- 2015.05.20
- カフェ文化
「コーヒーを楽しむ会(Coffee and Conversation)」といえば、アメリカでは昔から人々が交流し、コミュニティを作る会合を意味してきました。コーヒーはメタファーです。「今度コーヒーでも飲みましょう」と言われたら、実際にコーヒーを飲むことを意味しているのではなく、「気軽に会ってお話しましょう」という意味です。コーヒーは飲んでも飲まなくてもかまいません。お茶やフルーツジュースを飲むこともあれば、ランチを食べることさえあります。 平日はほとんどのカフェが、コミュニティのたまり場に賑わいを求めるコンピュータ・ユーザーでいっぱいになります。アメリカでは賃貸料の高い都心のオフィスを避けて、ホーム・オフィスを構える人が増え、家での孤独を和らげるためにカフェにやってきて仕事をするのです。また、多くの人にとってあまりにも孤独であることは決してよいことではありません。仕事のエネルギーが途切れないようにするには、周囲で働く人々のエネルギーが必要です。穏やかな会話によって作家は行き詰まりを克服し、アーティストはその創造力を刺激されます。カフェの常連の中には、かつては毎日オフィスで働いていた人達もいます。会社の休憩室でコーヒーを飲んだり、デスクでコーヒーカップを片手に忙しく働いていた人達です。オフィスでは、いまでもそのような光景は見られますが、社員の仕事の多くを家で働く「フリーランサー」が担うようになりました。また、ネットワークで接続された現在の世界では、社員も在宅勤務を選べるようになり、会議や特別なイベントのときだけオフィスに顔を出す人もいます。それでも、一日中1人でいたいと思う人はほとんどいません。 コミュニティは人々の交流のあり方によって決まります。
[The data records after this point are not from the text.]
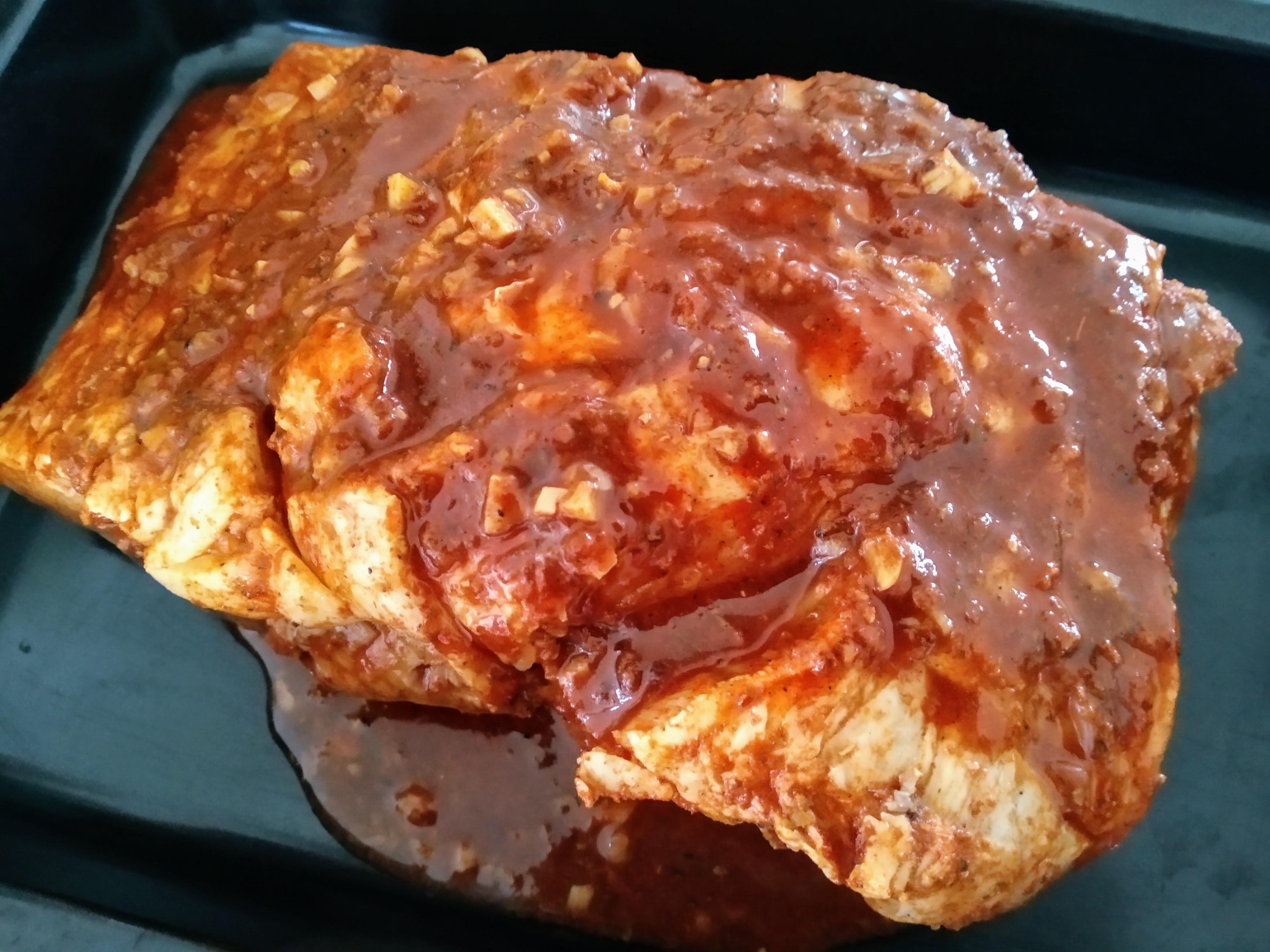 When ready to start cooking preheat your oven to 180°C and place your pork in a roasting tray and pour over the marinade.Roast the pork for about 40 minutes and flip it over and give it another 35 minutes. Pull it out and let it rest.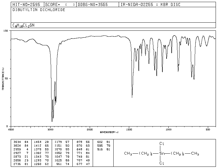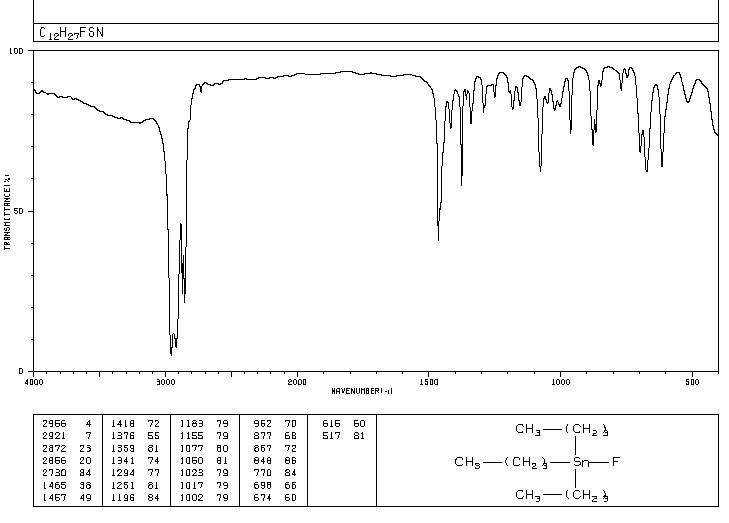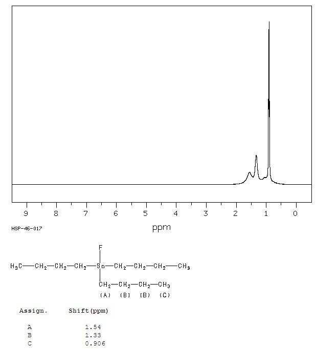 你要找的应该是三丁基氟化锡而非二丁基氟化锡,我把你要找的物质的红外贴到下面,顺便还有他们的HNMR,供你参考。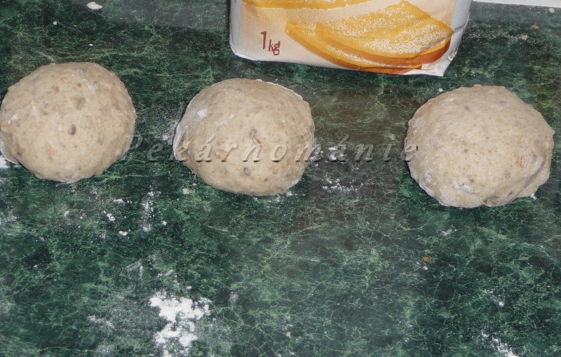 Vyndáme ho, na lehce pomoučené ploše ho propracujeme, rozdělíme na 12 kusů a ze všech uděláme bulky, které necháme asi 10 minut odpočinout.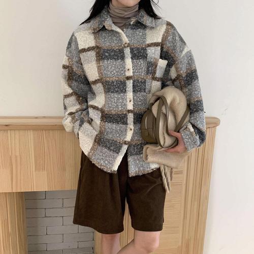 [시크블랙]커루니 뽀글이 오버핏 포켓 체크 자켓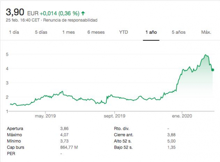 Las acciones de esta compañía, que cotiza en el mercado continuo, alcanzaron su punto álgido el 12 de febrero, tras la confirmación de un segundo caso en España, un ciudadano británico en Palma. Los títulos subieron ese día hasta rozar los cinco euros, un 238,10% más que hace un año, cuando estaban en 1,46 euros.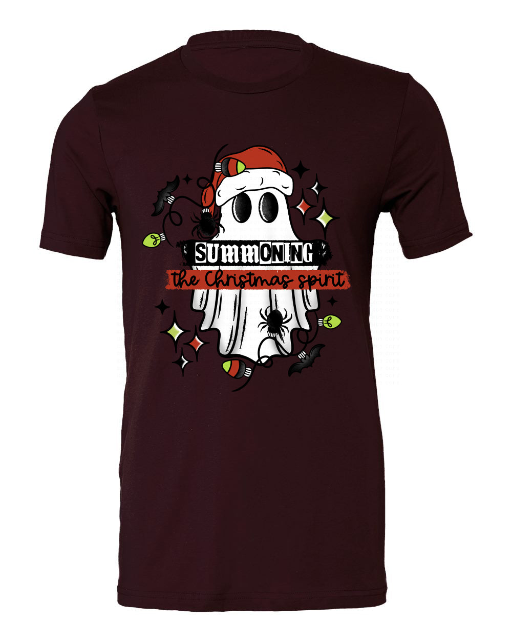 Bring your spooky side into the holiday season with this Summoning the Christmas Spirit tee. Featuring a festive ghost wrapped in Christmas lights, this design is for those who keep Halloween energy alive all year long. Perfect for holiday parties, coffee runs, or cozy nights under the tree.

みなさんご存知とは思いますが、コミュニティに住む人々の心を満たしてくれるのは心地よい空間、そして暖かいコーヒーや紅茶に勝るものはありません。お気に入りのスナック菓子をいくつか持って、ホーム・オフィスの孤独と日常の雑用から逃避するため、人々は近くのカフェに行きます。コーヒーを飲みに来たとは言いますが、コーヒーのある場所には会話と交流があります。コーヒーを飲むためにカフェにやって来て、交流のためにカフェに座っているのです。 ほとんどの人がノート・パソコンを携えてカフェに向かいますが、会話のためだけにカフェに行く人もいます。見知らぬ人や近所の人と相席になり、世界情勢やそれに付き物の政治について議論する機会を心待ちにしているのです。 私の家の近くには、さまざまな選択肢があります。「イースト・ロック・カフェ(East Rock Cafe)」は、最初のオーナーであるルルが会話のためだけに小さなテーブルを寄せて並べることにこだわっていましたが、いまでもその伝統を守っています。その小さなカフェには、ニューヨーク・タイムズ紙が置いてあり、客がやって来ると、誰か座っているテーブルに行って会話をするように勧められます。住民の入れ替わりが激しいこの町では、カフェの小さな空間でモーニング・コーヒー(または紅茶)を飲みながら即席の交流が次々と生まれます。 近くには、大きなテーブルと無線LANを備え、仕事場としては理想的な「コーヒー・ペダラー(Coffee Pedaler)」もあります。「ペダラー」は、自転車をこぐペダル(pedal)と行商人や売人などの意味を持つ「ペドラー(peddler)」を組み合わせたダジャレです。淹れたての味わい深いコーヒーとできたてのサンドウィッチに誘われて、人々はここで何時間も過ごし、物思いにふけったり交流を楽しんだりします。 町の向こうの大きな家や広々としたスペースの集まった場所にある「マンハレス(Manjares)」はリビングルームを意識した造りになっています。店内は2つの部屋に分かれ、1つ目の部屋には小さなテーブルが並べられ、食事をしたり、コンピュータで仕事をすることもできます。2つ目の部屋にはソファがいくつか置かれ、コーヒー・バーもあり、思い思いの目的で、思い思いに座ることができます。真剣に仕事をする人は、静かに食事を楽しんでいる家族の隣に座ります。ちょうど大きな家のように、誰もが自分にふさわしい場所でコミュニティの心地よさを楽しむことができます。 ニューヘブンのカフェは、オーナーとスタッフの人柄に支えられています。 彼らは心地よさというものをよく心得ていて、ちょっとした会話でもてなし、決して長く話すことを押し付けたりしません。たいていは料理の腕もよく、ペストリーやコーヒーのブランドのチョイスも長けていて、いつも最高の味を提供してくれます。そして何よりも、もう1つの我が家として、ゆったりと何時間も過ごすことのできる「リビングルーム」をコミュニティに提供してくれます。いまはカフェの店内で過ごす季節です。1か月もすれば、オープン・カフェになって、店は町の歩道にまで広がります。カフェは春と夏を謳歌する人々の笑顔で活気づくことでしょう。いまのところはまだ、カフェまで歩いて行ければ十分です。店内のテーブルがいろいろな意味で温かく迎えてくれますから。